Shown below is a listing with pictures; reproduce exactly, and only, the lines between the ones containing "Bu kapsamda Kars, Kilis" and "Презентация, доклад по", inclusive, leaving the pictures out.

**Input data**
⟨

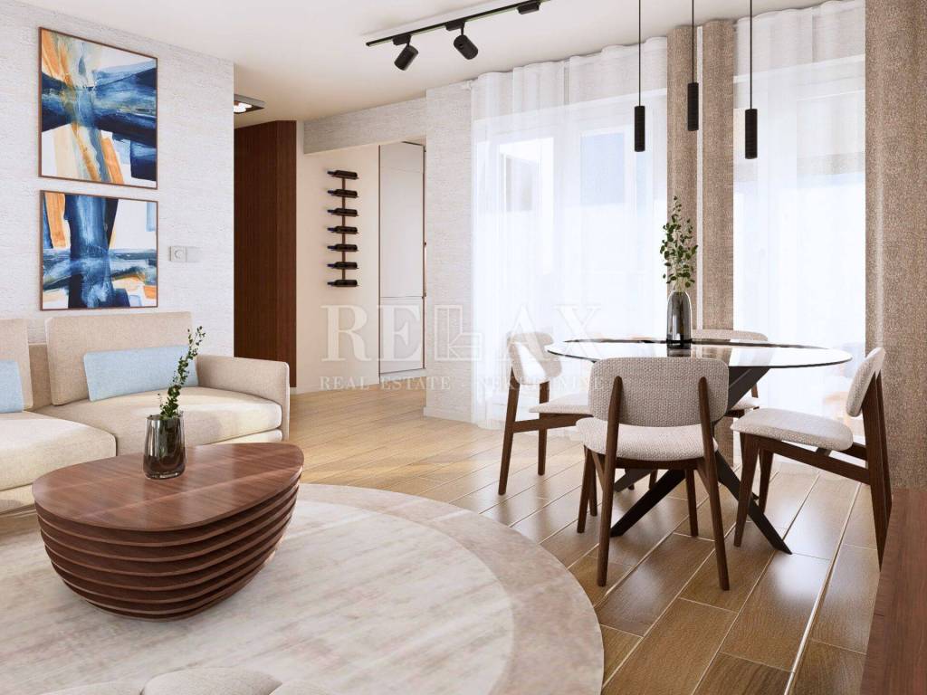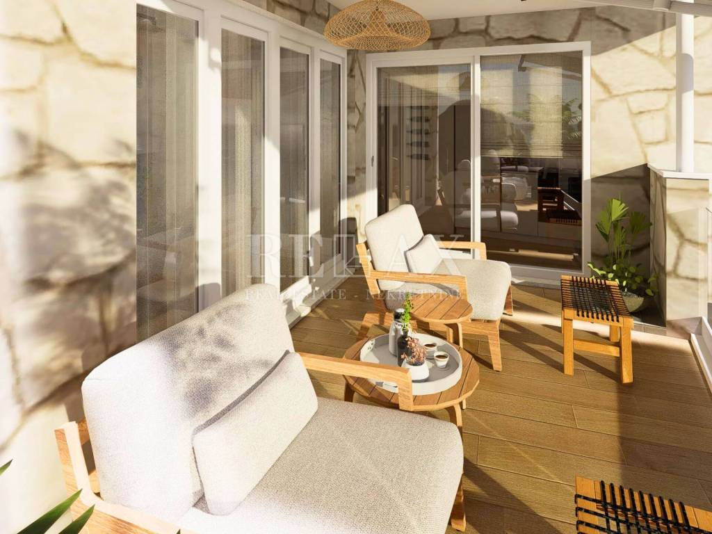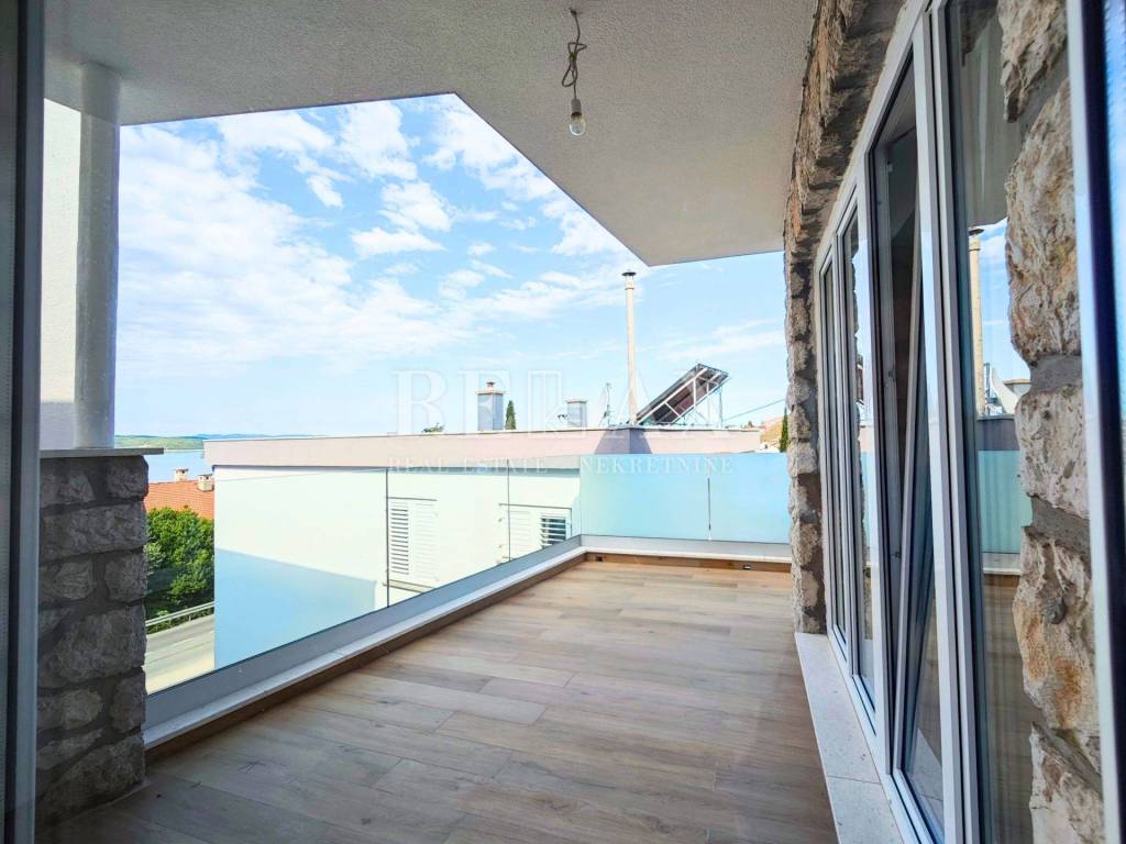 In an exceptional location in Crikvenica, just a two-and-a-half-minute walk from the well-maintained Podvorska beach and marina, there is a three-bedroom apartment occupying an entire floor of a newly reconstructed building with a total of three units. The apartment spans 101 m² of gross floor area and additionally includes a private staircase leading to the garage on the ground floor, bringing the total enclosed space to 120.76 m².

⟩
⟨

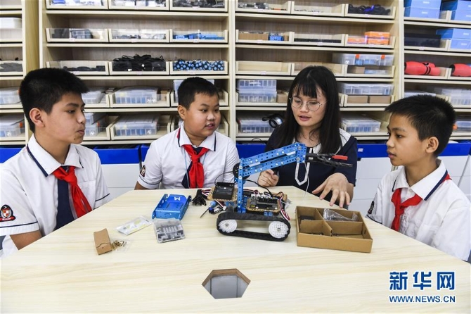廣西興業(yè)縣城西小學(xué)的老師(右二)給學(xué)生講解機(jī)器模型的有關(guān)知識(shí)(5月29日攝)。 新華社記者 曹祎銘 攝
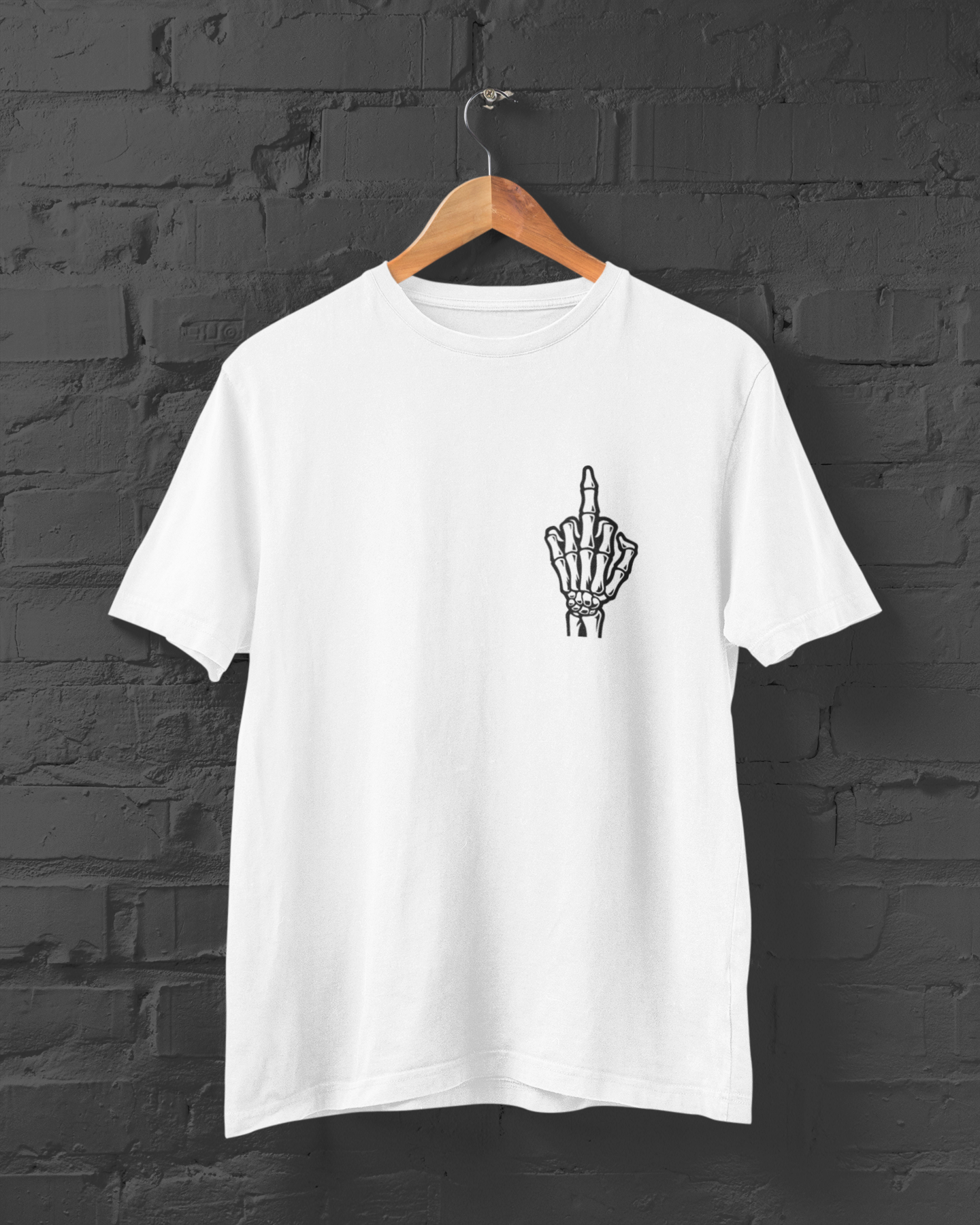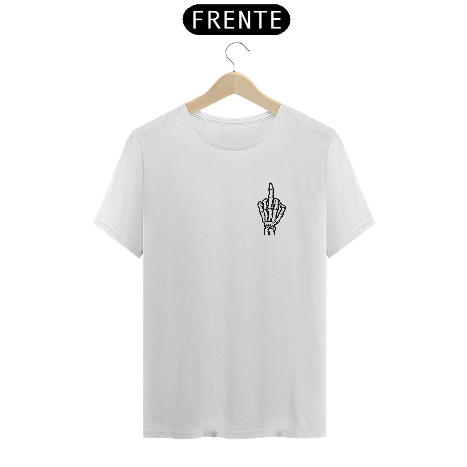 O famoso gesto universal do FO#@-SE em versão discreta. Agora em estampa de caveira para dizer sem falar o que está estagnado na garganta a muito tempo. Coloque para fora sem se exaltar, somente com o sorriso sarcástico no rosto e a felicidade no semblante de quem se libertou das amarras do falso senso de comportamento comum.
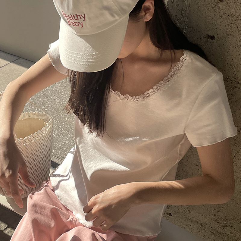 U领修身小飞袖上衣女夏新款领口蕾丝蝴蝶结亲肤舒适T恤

⟩
⟨

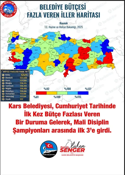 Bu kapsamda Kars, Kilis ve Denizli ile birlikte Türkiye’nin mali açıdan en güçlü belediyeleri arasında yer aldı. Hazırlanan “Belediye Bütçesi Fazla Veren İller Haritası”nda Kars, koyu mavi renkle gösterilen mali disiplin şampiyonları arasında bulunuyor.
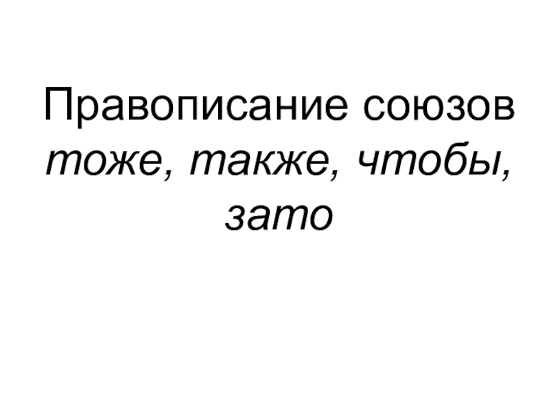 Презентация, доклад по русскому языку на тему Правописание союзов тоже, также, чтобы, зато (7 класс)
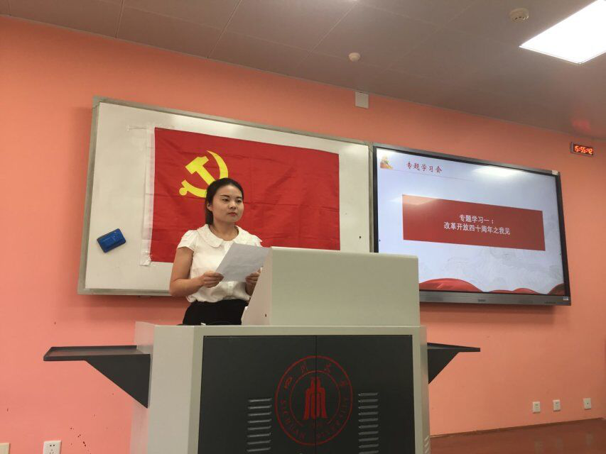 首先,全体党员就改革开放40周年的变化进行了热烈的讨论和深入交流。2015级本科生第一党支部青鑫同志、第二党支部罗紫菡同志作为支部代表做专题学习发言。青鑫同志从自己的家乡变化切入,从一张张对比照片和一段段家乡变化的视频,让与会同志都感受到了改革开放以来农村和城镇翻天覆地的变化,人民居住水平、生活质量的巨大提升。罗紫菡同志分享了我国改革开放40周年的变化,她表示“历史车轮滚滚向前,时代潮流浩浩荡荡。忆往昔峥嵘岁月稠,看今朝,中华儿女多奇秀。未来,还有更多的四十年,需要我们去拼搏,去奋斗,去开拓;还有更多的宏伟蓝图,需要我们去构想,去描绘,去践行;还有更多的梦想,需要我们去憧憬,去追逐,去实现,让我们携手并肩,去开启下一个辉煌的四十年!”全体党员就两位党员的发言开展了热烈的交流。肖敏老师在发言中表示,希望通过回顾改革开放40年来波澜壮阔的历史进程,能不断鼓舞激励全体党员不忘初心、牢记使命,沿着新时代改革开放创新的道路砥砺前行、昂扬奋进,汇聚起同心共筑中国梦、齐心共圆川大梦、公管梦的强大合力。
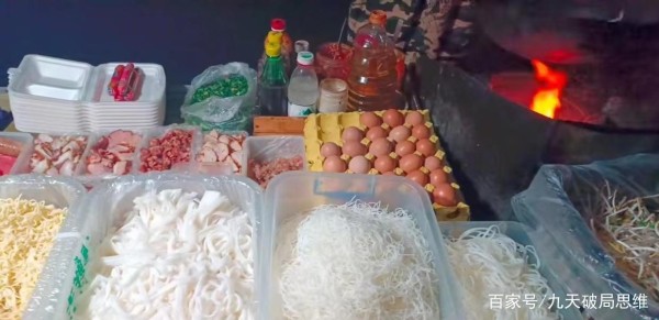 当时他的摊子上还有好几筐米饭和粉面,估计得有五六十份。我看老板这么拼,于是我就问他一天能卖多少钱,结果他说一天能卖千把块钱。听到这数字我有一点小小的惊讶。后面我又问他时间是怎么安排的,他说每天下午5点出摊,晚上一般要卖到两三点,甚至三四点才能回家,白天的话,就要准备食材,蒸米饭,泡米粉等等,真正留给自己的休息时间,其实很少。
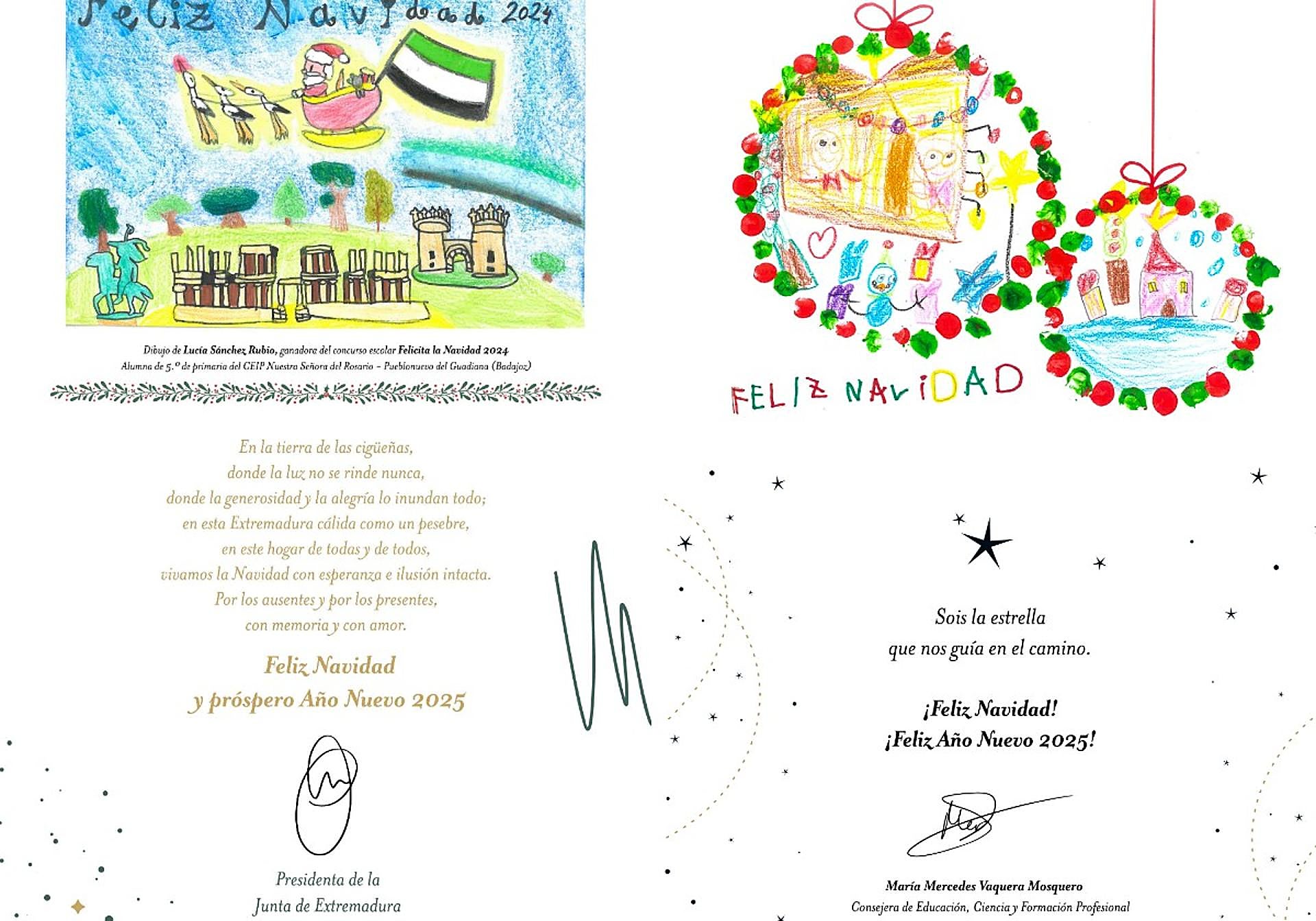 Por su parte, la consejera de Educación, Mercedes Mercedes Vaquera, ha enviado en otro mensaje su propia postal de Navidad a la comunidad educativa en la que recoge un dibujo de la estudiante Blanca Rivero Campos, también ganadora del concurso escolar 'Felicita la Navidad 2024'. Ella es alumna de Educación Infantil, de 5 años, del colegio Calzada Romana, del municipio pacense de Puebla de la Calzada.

⟩

**Answer section**
 Bu kapsamda Kars, Kilis ve Denizli ile birlikte Türkiye’nin mali açıdan en güçlü belediyeleri arasında yer aldı. Hazırlanan “Belediye Bütçesi Fazla Veren İller Haritası”nda Kars, koyu mavi renkle gösterilen mali disiplin şampiyonları arasında bulunuyor.
 Презентация, доклад по русскому языку на тему Правописание союзов тоже, также, чтобы, зато (7 класс)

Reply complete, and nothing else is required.